Radix Institute

Radix and Understanding Trauma
A integrated bodywork approach to working with trauma.

Radix® and Understanding Trauma

– Ellen Costantino, CRT

Basic radix method was developed by Reich and refined by Kelley for classically rigid structures (anger blockers). The techniques used presume that charge is present in the body and is tightly held or bound in the muscles. These unnatural rigidities are called armor. Techniques were developed to “break through” the muscle armor so that charge (feeling) could flow freely in the body again. The basic Radix intensive has 3 parts and is designed to first build large energy charge levels in the body, then stress the body, so the body will finally discharge its “held/blocked” energy. The methods are very effective with rigid anger blockers, moderately effective with limiting or pain blocking structures, but have had little success with fear structures. 

Radix techniques commonly used for opening the seven segments via intensives include the following; The exercises are used to build charge in a blocked area or to apply enough stress to elicit a discharge once charge is built.

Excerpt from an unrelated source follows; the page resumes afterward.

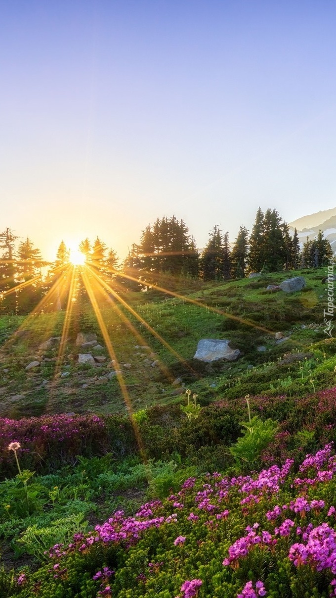 Edytor tapety: Promienie słoneczne padające na łąkę
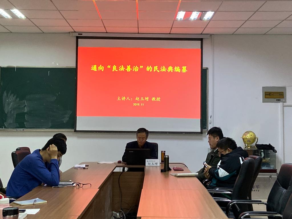 11月28日晚,法学院研究生学术论坛在学院会议室举行,本期论坛邀请的主讲人是法学院赵玉增教授。论坛上,赵玉增教授作了题为《通向“良法善治”的民法典编纂》的学术报告,学院60余名研究生参加了此次论坛。

Segment One – Ocular (Top of head down to bottom of eyes) Sustained, aware eye contact—flashlight work to mobilize and test eye motion—squeeze eyes tight on inhale pulling energy inside, then open eyes wide on exhale and push energy out

Segment Two – Oral  (Mouth, chin, nose, throat, ears, and jaw) Working directly with floor of mouth and tongue with manual massage– towel biting—sucking—pressing into jaw masseter muscles—wrinkling and flexing nose in pulsation

Segment Three – Cervical (neck to top of chest) Make sounds on exhale—hold jaw down during breathing—pressure on sternocleidomastoids—tongue in and out with breathing—lengthen back of neck—gag reflex

Segment Four – Thoracic (upper chest and back down to diaphragm plus arms) Direct muscle work—lowen stool—varied breathing techniques

Segment Five – Diaphragmatic (diaphragm) Belly breathing—chest, belly and all out breathing—gag reflex—direct manipulation by pressure

Segment Six – Abdominal  (diaphragm to pelvis front and back) Lengthen muscles of back via bows and curls—belly breathing—direct massage of muscles

Segment Seven – Pelvic  (genitals, buttocks, thighs and legs) belly breathing– pelvic pounding– leg rotations– deep thigh massage– wall sits—dead bug

Fear Structure
Radix training does not teach techniques for trauma per se. PTSD’s would be seen as fear structures, i.e. as oral character types. Basic methods would be used, stressing working slowly to loosen blocks to the instroke so the person could build charge at the core and eventually bring energy to the periphery.  Special attention would be paid to the ocular segment in opening and expanding vision of the myopic eye in order to build contact with the external environment and others, since fear structures tend to be withdrawn and Self centered.  The overall attempt is to get the withdrawn structure opened and grounded, able to move energy from the outside to the inside, as well as the inside to the outside! Still, most fear structures did not respond to Radix intensives as well as pain and anger types.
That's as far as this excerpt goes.